TASK INSTRUCTIONS
In the listing below, the answer starts at the line that has "Zur Wohnung gehört" and stops after the line that has "In the end, instead"; please repeat that part exactly and nothing more.

--- DATA TO EXAMINE ---

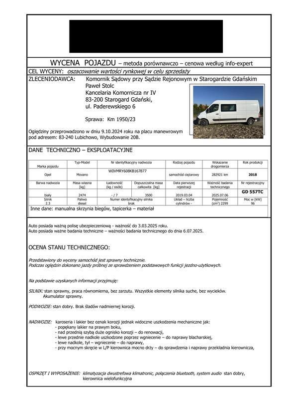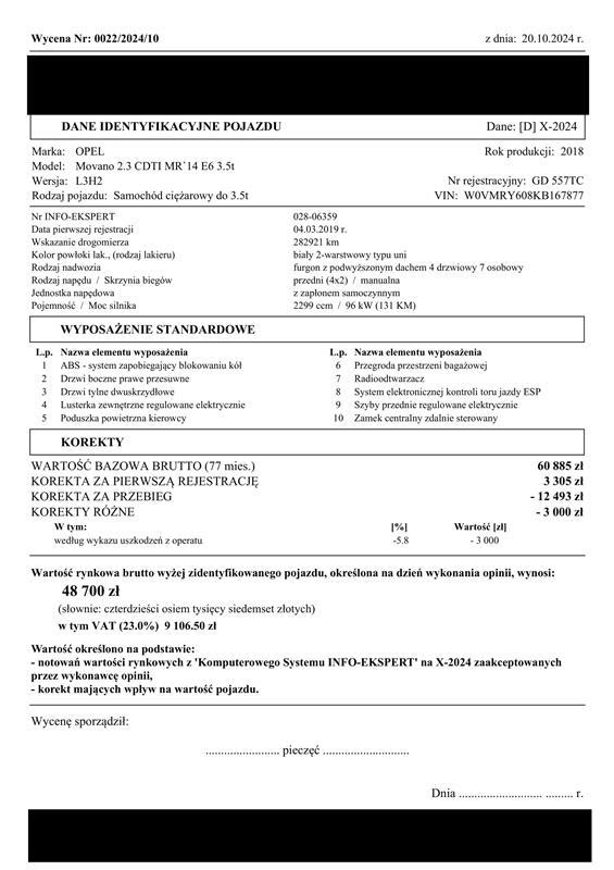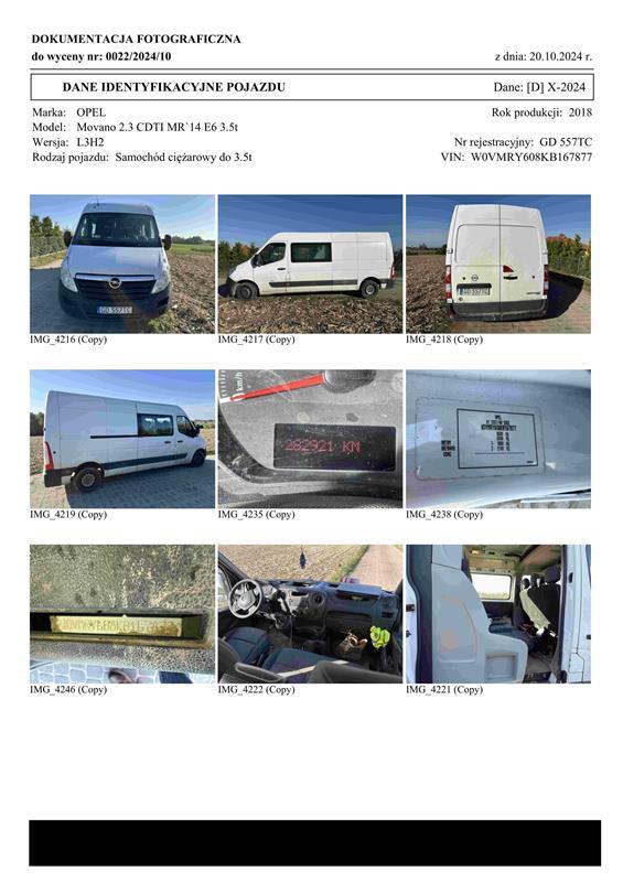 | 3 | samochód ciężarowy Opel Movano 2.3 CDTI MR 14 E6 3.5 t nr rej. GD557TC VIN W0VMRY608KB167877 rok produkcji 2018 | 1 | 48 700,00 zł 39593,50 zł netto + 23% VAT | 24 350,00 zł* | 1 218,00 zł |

---
--- DATA TO EXAMINE ---

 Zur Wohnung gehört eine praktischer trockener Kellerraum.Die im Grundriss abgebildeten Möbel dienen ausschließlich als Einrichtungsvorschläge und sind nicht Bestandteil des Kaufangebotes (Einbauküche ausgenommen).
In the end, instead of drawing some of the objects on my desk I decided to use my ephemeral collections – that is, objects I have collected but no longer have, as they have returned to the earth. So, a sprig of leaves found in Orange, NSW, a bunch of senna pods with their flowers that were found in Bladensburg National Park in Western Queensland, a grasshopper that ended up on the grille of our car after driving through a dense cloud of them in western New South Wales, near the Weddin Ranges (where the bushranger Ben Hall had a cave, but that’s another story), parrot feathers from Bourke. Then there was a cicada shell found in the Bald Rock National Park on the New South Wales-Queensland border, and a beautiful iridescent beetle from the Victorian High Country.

---

WRITTEN RESPONSE
 Zur Wohnung gehört eine praktischer trockener Kellerraum.Die im Grundriss abgebildeten Möbel dienen ausschließlich als Einrichtungsvorschläge und sind nicht Bestandteil des Kaufangebotes (Einbauküche ausgenommen).
In the end, instead of drawing some of the objects on my desk I decided to use my ephemeral collections – that is, objects I have collected but no longer have, as they have returned to the earth. So, a sprig of leaves found in Orange, NSW, a bunch of senna pods with their flowers that were found in Bladensburg National Park in Western Queensland, a grasshopper that ended up on the grille of our car after driving through a dense cloud of them in western New South Wales, near the Weddin Ranges (where the bushranger Ben Hall had a cave, but that’s another story), parrot feathers from Bourke. Then there was a cicada shell found in the Bald Rock National Park on the New South Wales-Queensland border, and a beautiful iridescent beetle from the Victorian High Country.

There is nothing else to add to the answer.